To start this blog I need to return to Christmas 2009 memories. Somewhere in there you may remember my photo of the dark chocolate with peppermint ice cream.
For the last couple of years I reduced portion sizes and eliminated sweets from my food intake. I said "no thank you" so many times to cakes, pies, ice cream and other goodies that I finally didn't even like the thought of sugar. And by doing that, I slowly, very slowly like the tortoise, lost some weight.
Then, starting with the candy from Christmas and adding ice cream to it...my brain went bonkers and said "I DO TOO LIKE SWEETS!" To top it off, I started a medication for my fibromyalgia that increased my appetite. Then came spring and the ice cream shop across the street opened for the summer. The devil had finally won.
By, last week, I had succumbed to sugar and a hot fudge sundae every night. I craved sugar and also chocolate. I've known something about myself for a long time that might be a surprise for people who know me: I have no will power.
Yes, it's true that I quite smoking cold turkey many years ago. But, I know that if I had just one cigarette, I would be up to a pack a day by end of the week.Yes, it's true that for three years I ate a diet powder of 500 calories a day, under my doctor's care. It looked like I had will power. But, I had simply cut the mere idea of eating anything else out of my brain. Eating food wasn't an option, it didn't exist. I knew I couldn't keep eating the ice cream. That was obvious to me. But, how not to do it.
Enter popsicles. Something triggered my brain to say "Wait a minute here. There's an answer somewhere."
Digression.This reminds me of the joke: The little boy wanted a pony for Christmas. While being an optimist, he was however "the son from hell." When Christmas came his parents told him to open the door...his present was in that room. He opened it and it was filled with horsie poo-poo. His parents thought maybe that would shape him up and get him on the right road. Ha!The next time they saw the boy, he was in the room shoveling up the poop. His parent asked him why. He said "There's just got to be a pony in here somewhere!"
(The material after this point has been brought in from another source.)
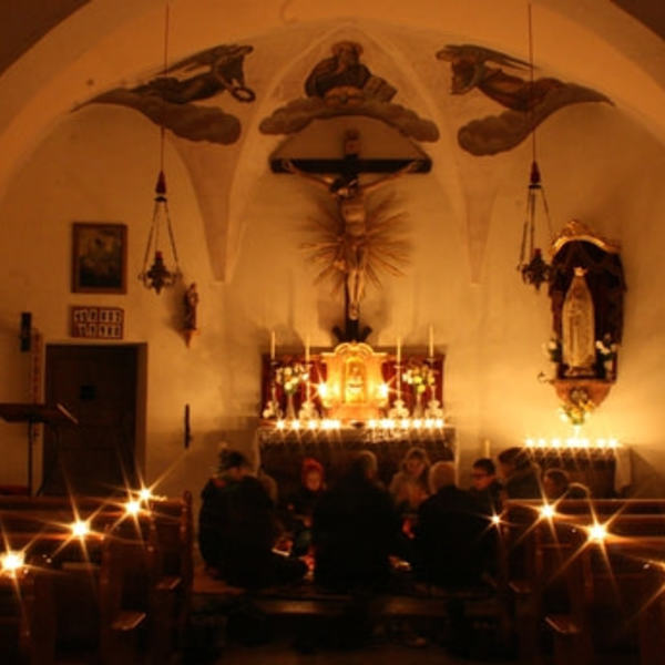 MinistrantInnenstunde am 19.12.2014 Mit Fackeln wanderten die MinistrantInnen von der Wirtskapelle zur Doblkapelle um bei Kerzenlicht mit Gesängen aus Taizé zu beten. Danach stärkten sich die MinistrantInnen - diesmal bei H. Markus im Pfarrbüro - mit Tee und Keksen. zu den Bildern: MinistrantInnenstunde am 19.12.2014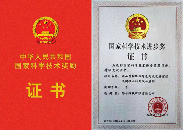 2020年1月10日,2019年度國家科學(xué)技術(shù)獎(jiǎng)勵(lì)大會(huì)在人民大會(huì)堂隆重舉行。邢鋼作為主要完成單位之一,完成的《高品質(zhì)特殊鋼綠色高效電渣重熔關(guān)鍵技術(shù)的開發(fā)和應(yīng)用》,喜獲國家科學(xué)技術(shù)進(jìn)步一等獎(jiǎng),系全國鋼鐵行業(yè)十五年來首次獲此殊榮。

Okay, back to the popsicles. The problem with ice cream is all the fat. All of a sudden my brain yelled out "Popsicles! Yes, popsicles would work." I called the Chief who was shopping at Costco and asked him to see what kind they had." He called back later to describe what he had found. And with another miracle...Fudgesicles! My response? "Get them all!"
He opened the top of the boxes and put them in the freezer, so I could just stick my hand in and pull something out. Of course the first one I tried was the fudgesicle. Good. Passed the test of no fat little calories and tasted darn good.
Next night. Pulled out an orange one. The Chief had told me that the popsicles were made from real fruit, etc., etc. So I anticipated a nice fresh orange taste. Humph! Something was different about it. It tasted a little off. But okay. The next night I pulled from the other open box. It was a very dark and deep red. Raspberry was the other flavor I remembered the Chief telling me. I love raspberry. And with much delight took a bit out of it. Humph! Didn't really taste like raspberry. But, okay. I could deal with what was given to me.
The next night I had another fudgesicle. Still yummy. And the next night, back to the popsicles, I decided to take the orange box out and look at it. Printed in large letters on the box was tangerine! Well, no wonder it didn't taste like an orange. Took a bite, and yes, yes, of course tangerine is exactly what it tasted like. Yummy. The next night I took out the raspberry box to read grape! Oh. Oh dear. As grape, it tasted good.
I'm planning a blindfold taste test with flavored yogurt soon.